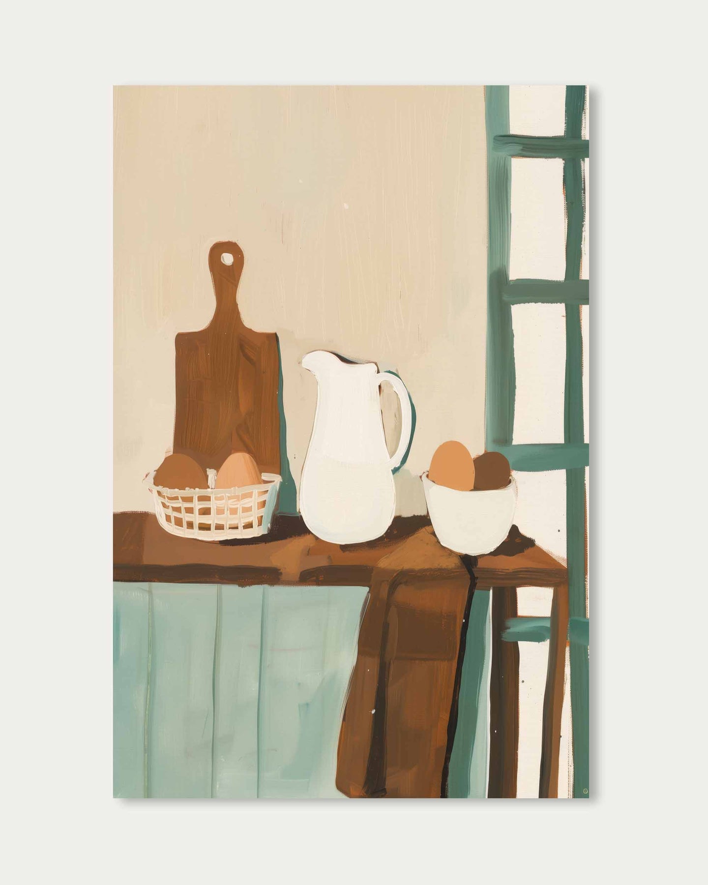 The In The Kitchen Wall Art Print captures a charming still life scene of a milk jug and fresh fruit arranged on a kitchen countertop, evoking the cozy warmth of a cottage farmhouse kitchen. This inviting painting adds rustic elegance and timeless comfort to your space, perfect for creating a welcoming atmosphere in any home.
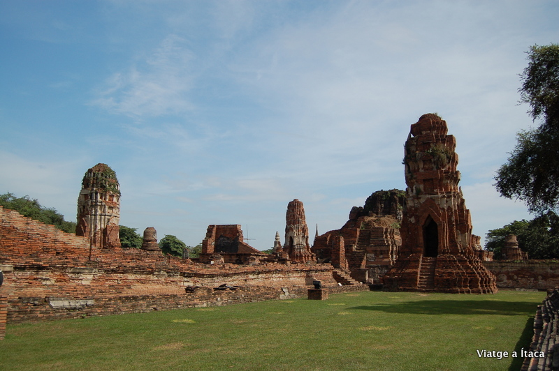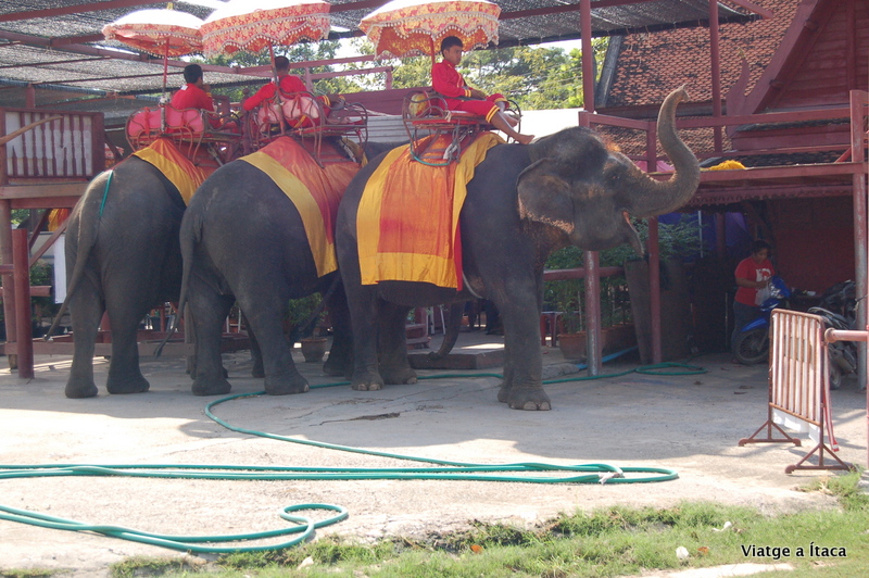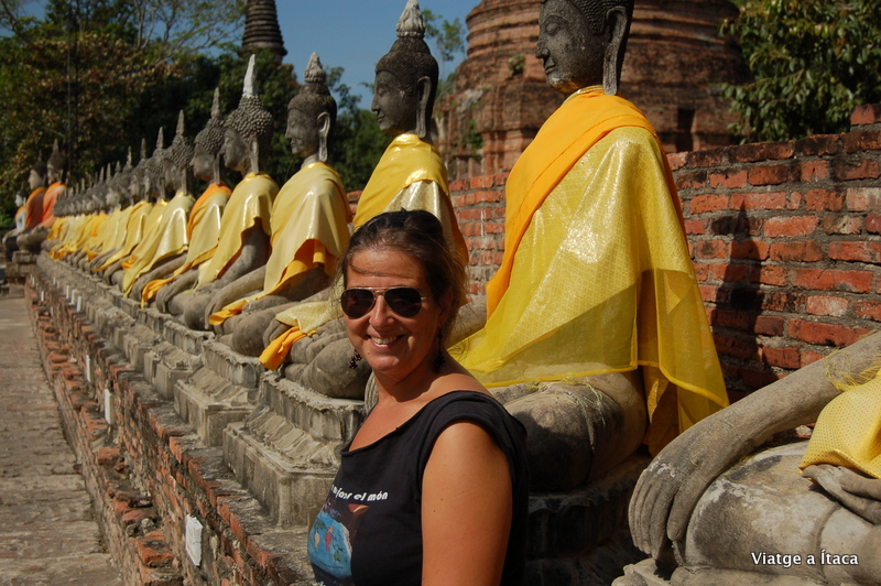 No en som massa de coses organitzades, habitualment no en fem. De fet, en fugim en la mesura que podem, perquè ens agrada anar al nostre ritme decidint quan les coses cal fer-les ràpides i quan lentes, en funció de les sensacions percebudes a cada punt concret que anem a visitar. En aquesta ocasió, una mica, o molt, per la por a que si no ho contractàvem, els encants de Kao San ens fessin dormitar pels seus carrers, vam decidir contractar la excursió a aquesta antiga capital plena de temples. De fet, per això ho vam fer, i també perquè afegia la tornada en vaixell fins a Bangkok a un preu assequible, així que ja hi vam veure l’excusa perfecte… ☺
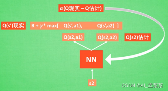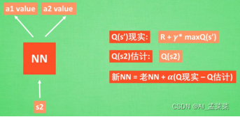 当前的状态呢是写作业(s1),我想判断一下,下一步是写作业(a2)还是看电视(a1),好这个时候我们联想了一下,发现下一个动作选择a2,要比选择a1的到的潜在奖励要高,那么这个时候就会选择a2,那么具体是怎么判断的潜在奖励,可以是使用S1关于a的一个Q表来表示。现在我们将状态更新到了s2,那么接下来是a1还是a2,这个时候又更新了一个Q表,来做选择,依次重复。

*WORK TASK:*
Without the pictures, write out the whole listing exactly as it appears.

*OUTPUT OF THE EXERCISE:*
 The In The Kitchen Wall Art Print captures a charming still life scene of a milk jug and fresh fruit arranged on a kitchen countertop, evoking the cozy warmth of a cottage farmhouse kitchen. This inviting painting adds rustic elegance and timeless comfort to your space, perfect for creating a welcoming atmosphere in any home.
 No en som massa de coses organitzades, habitualment no en fem. De fet, en fugim en la mesura que podem, perquè ens agrada anar al nostre ritme decidint quan les coses cal fer-les ràpides i quan lentes, en funció de les sensacions percebudes a cada punt concret que anem a visitar. En aquesta ocasió, una mica, o molt, per la por a que si no ho contractàvem, els encants de Kao San ens fessin dormitar pels seus carrers, vam decidir contractar la excursió a aquesta antiga capital plena de temples. De fet, per això ho vam fer, i també perquè afegia la tornada en vaixell fins a Bangkok a un preu assequible, així que ja hi vam veure l’excusa perfecte… ☺
 当前的状态呢是写作业(s1),我想判断一下,下一步是写作业(a2)还是看电视(a1),好这个时候我们联想了一下,发现下一个动作选择a2,要比选择a1的到的潜在奖励要高,那么这个时候就会选择a2,那么具体是怎么判断的潜在奖励,可以是使用S1关于a的一个Q表来表示。现在我们将状态更新到了s2,那么接下来是a1还是a2,这个时候又更新了一个Q表,来做选择,依次重复。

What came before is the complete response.